What is needed is an exact transcription of the line containing "組立前のプラモデルをイメージ" and every line after it through the end of the entries below, with no pictures.

------------------------------------------------------------

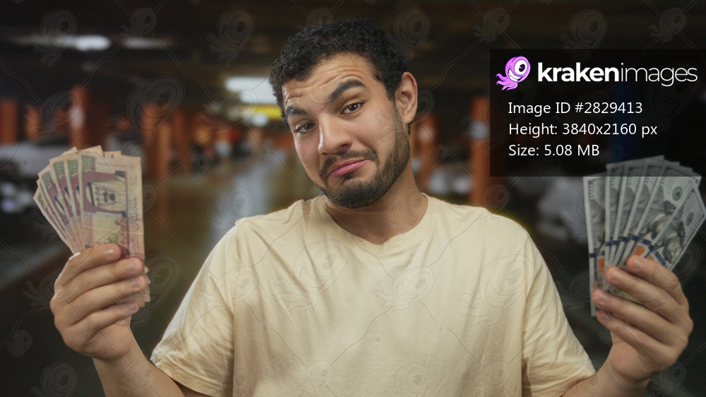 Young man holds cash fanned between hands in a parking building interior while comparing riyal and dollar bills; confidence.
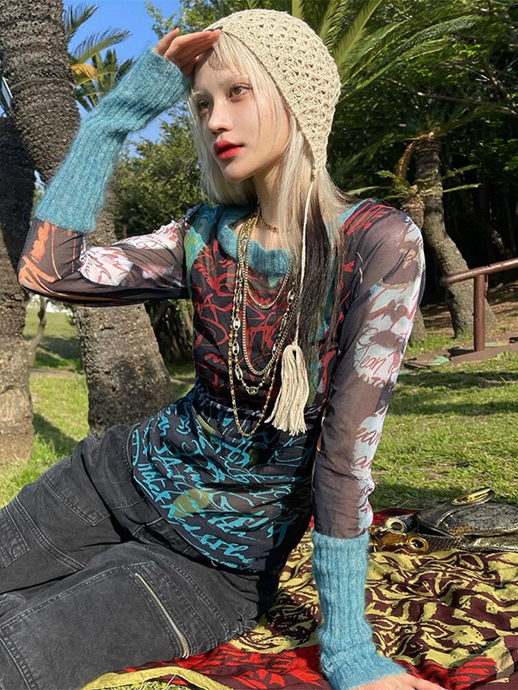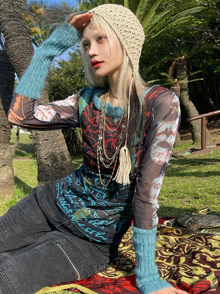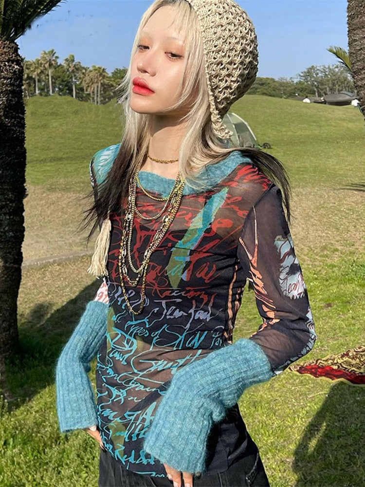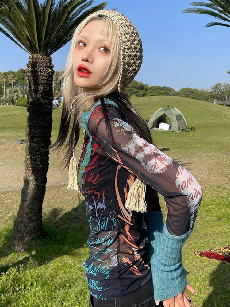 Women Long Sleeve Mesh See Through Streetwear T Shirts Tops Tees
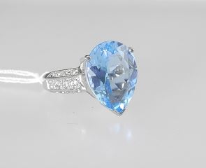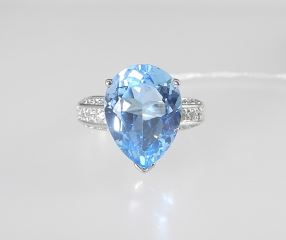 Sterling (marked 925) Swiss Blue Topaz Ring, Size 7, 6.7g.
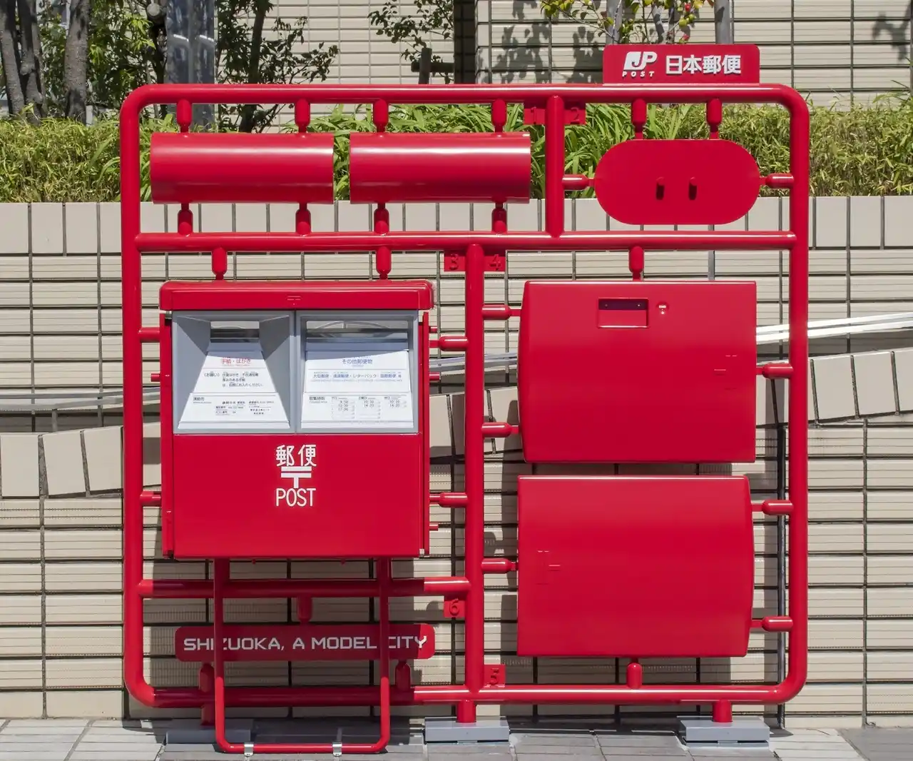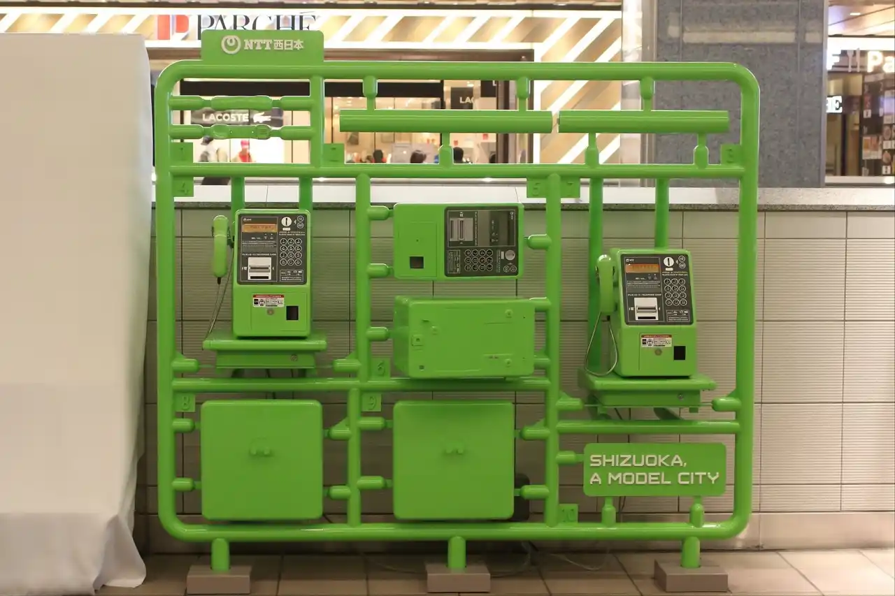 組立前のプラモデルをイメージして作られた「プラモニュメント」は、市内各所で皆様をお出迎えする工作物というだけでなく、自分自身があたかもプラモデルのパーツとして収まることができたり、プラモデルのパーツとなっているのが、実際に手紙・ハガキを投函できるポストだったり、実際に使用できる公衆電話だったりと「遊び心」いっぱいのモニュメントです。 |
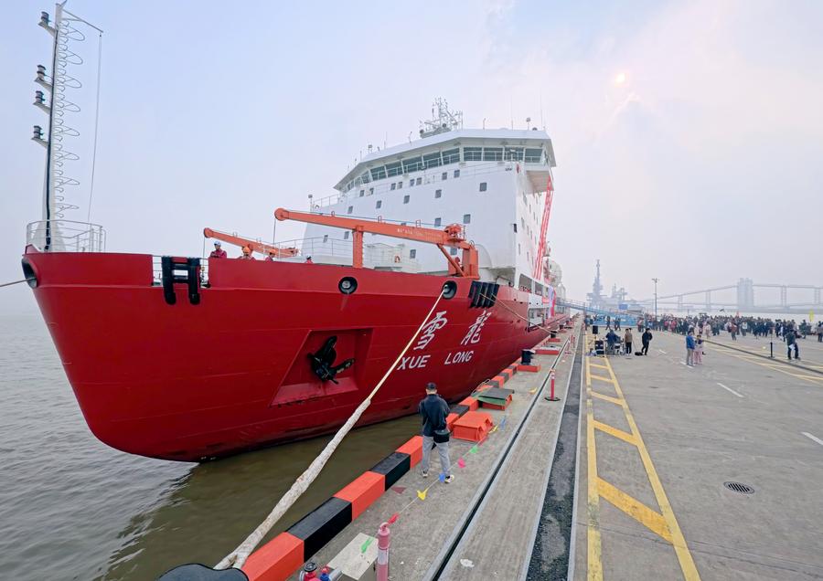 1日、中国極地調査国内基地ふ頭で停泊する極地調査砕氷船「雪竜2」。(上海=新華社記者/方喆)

------------------------------------------------------------

WRITTEN ANSWER:
 組立前のプラモデルをイメージして作られた「プラモニュメント」は、市内各所で皆様をお出迎えする工作物というだけでなく、自分自身があたかもプラモデルのパーツとして収まることができたり、プラモデルのパーツとなっているのが、実際に手紙・ハガキを投函できるポストだったり、実際に使用できる公衆電話だったりと「遊び心」いっぱいのモニュメントです。 |
 1日、中国極地調査国内基地ふ頭で停泊する極地調査砕氷船「雪竜2」。(上海=新華社記者/方喆)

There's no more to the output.